Praktijken en teams worden steeds groter en patiënten worden meer en meer door verschillende zorgverleners gezien. De samenwerking binnen het team wordt van steeds groter belang. Mede omdat een slechte samenwerking leidt tot ontevreden personeel, wat weer een negatieve invloed heeft op de houding van de individuele medewerker. En daarmee dus een negatief effect heeft op de patiënttevredenheid.

Het model van teamwork

Patrick Lencioni beschrijft in zijn boek ‘De 5 frustraties van teamwork’ een helder model, waarmee het ogenschijnlijk ongrijpbare van teamwork wordt verhelderd.

De kracht van goed samenwerken

Klik hier voor een grote afbeelding

Vervolgens ga ik in op de twee onderste lagen van het model.

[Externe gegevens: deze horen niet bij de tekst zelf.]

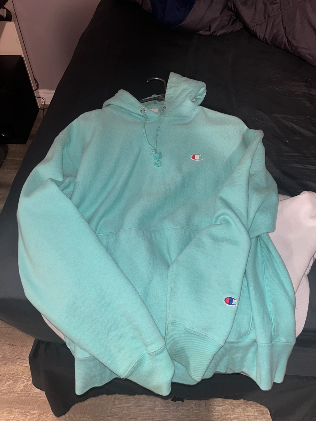Men's Champion Reverse Weave hoodie. Light teal colour. Great condition. Small logo on chest and sleeve, great condition!
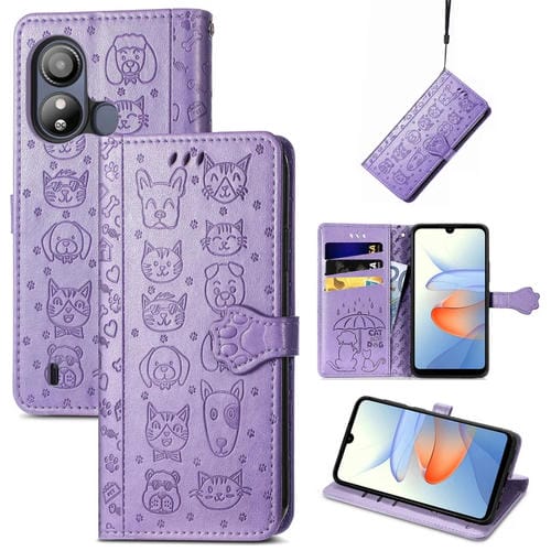Funda para Teléfono ZTE Blade L220 Cuero Relieve Perro y Gato (Púrpura)
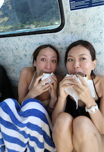 イルカたちと泳いだ後にはお腹もペコペコ。
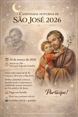Acontece no próximo dia 14, em Campo Mourão, a 4ª Caminhada Noturna de São José. A saída será às 21h na paróquia Sagrada Família, no Cohapar. A chegada está prevista para às 6h30 na Catedral São José. O percurso vai passar por outras nove paróquias, num total de 23,6 km.
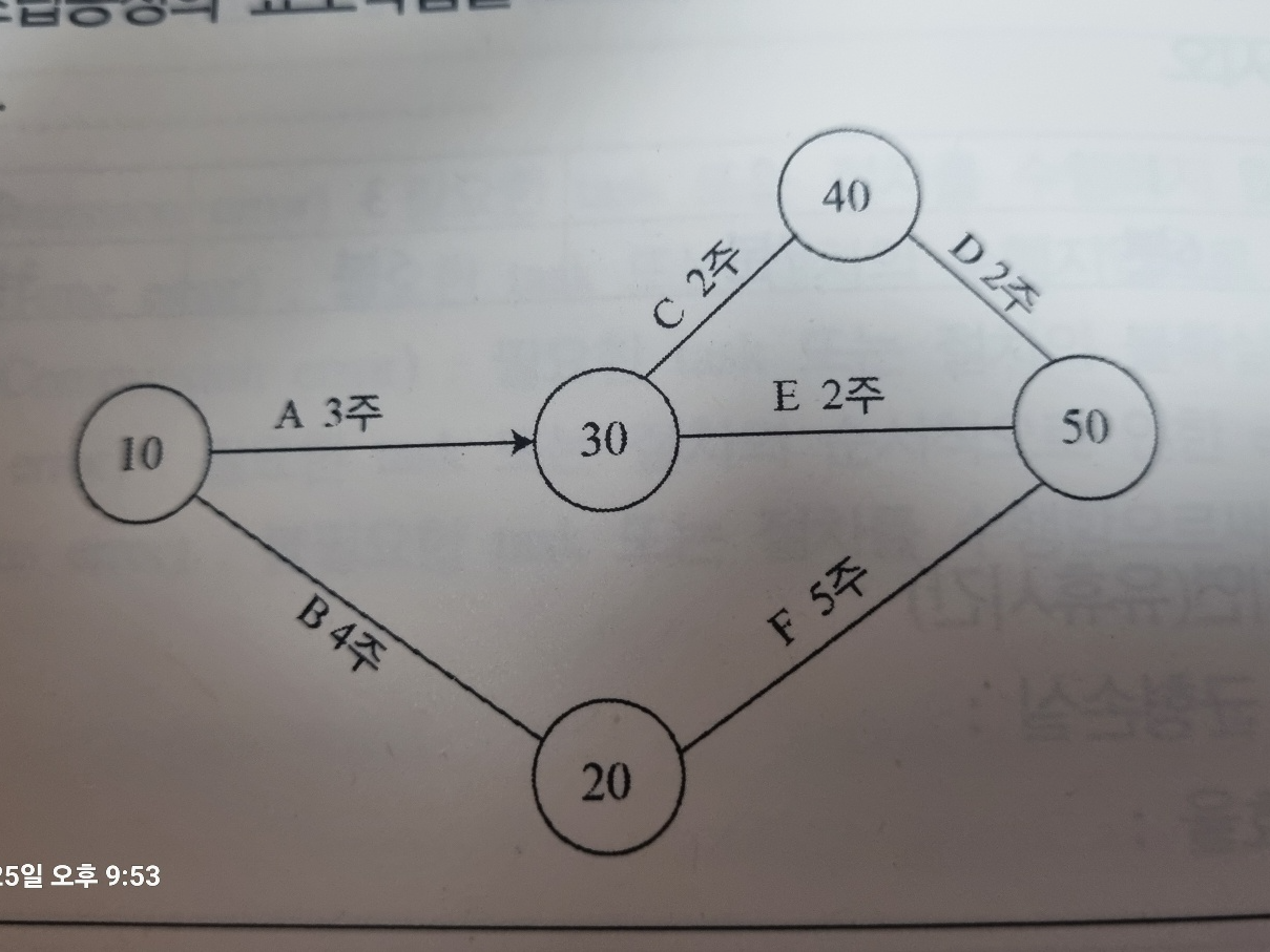 조립공정 요소 작업 PERT 차트에서 주 공정 경로와 공정시간을 구하시오
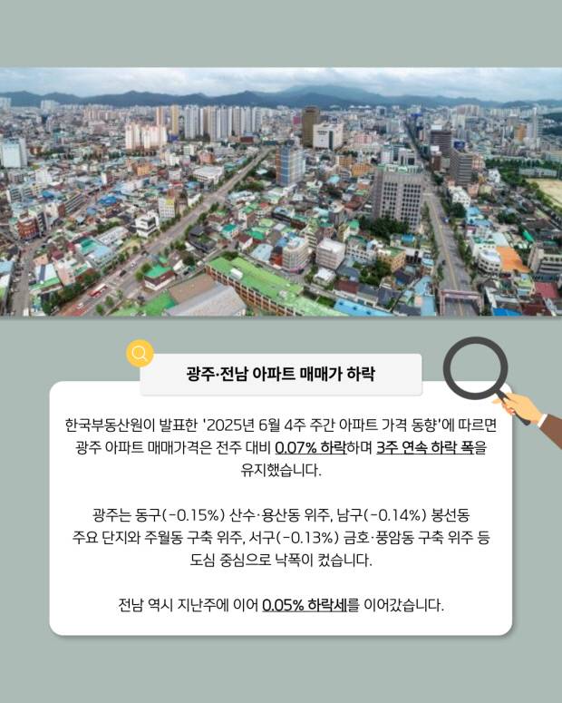 한국부동산원이 발표한 ‘2025년 6월 4주 주간 아파트 가격 동향’에 따르면 광주 아파트 매매가격은 전주 대비 0.07% 하락하며 3주 연속 하락 폭을 유지했고 전남 역시 지난주에 이어 0.05% 하락세를 이어갔습니다.
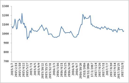 圖 1 2015-2017年各周中國公路物流運(yùn)價(jià)指數(shù)
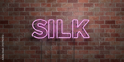 SILK - fluorescent Neon tube Sign on brickwork - Front view - 3D rendered royalty free stock picture. Can be used for online banner ads and direct mailers..
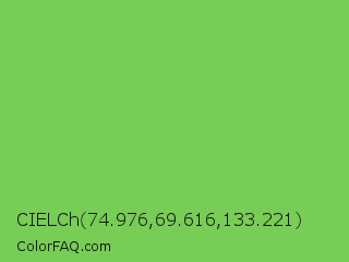 CIELCh 74.976,69.616,133.221 Color is a normal green color and the nearest color is Mantis #74c365. Hex code #77cd55 and RGB value is rgb(119,205,85). In RGB color space, this color is composed of 47% red, 80% green, 33% blue, In CMYK color space, this color is composed of 42% cyan, 0% magenta, 59% yellow , 20% black , In HSL color space, this color has a hue angle of 103° , 55% saturation and 57% lightness.
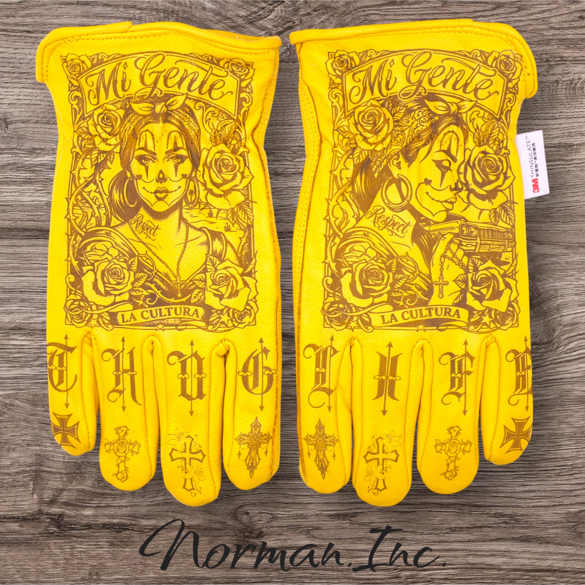 牛革 冬用 保温綿 裏起毛 レザーグローブ アメリカン バイク ハーレー カスタム タトゥー 手袋 キャンプ DIY カスタムグローブ 3M ツーリング M,L,XLサイズ

En wel omdat de lagen onderaan de basis vormen voor het bouwen van een team. Indien de lagen van ‘vertrouwen’ en ‘conflicten’ tot frustraties leiden resulteert dit in het volgende.

Kenmerkend voor teams waarin het vertrouwen ontbreekt is als:

  • Medewerkers zwakheden en fouten voor elkaar verbergen.
  • Medewerkers aarzelen bij het vragen om hulp of het geven van opbouwende feedback.
  • Medewerkers aarzelen hulp aan te bieden buiten het terrein waarvoor ze verantwoordelijk zijn.
  • Medewerkers er niet in slagen vaardigheden en ervaringen bij anderen te herkennen en daarvan gebruik te maken.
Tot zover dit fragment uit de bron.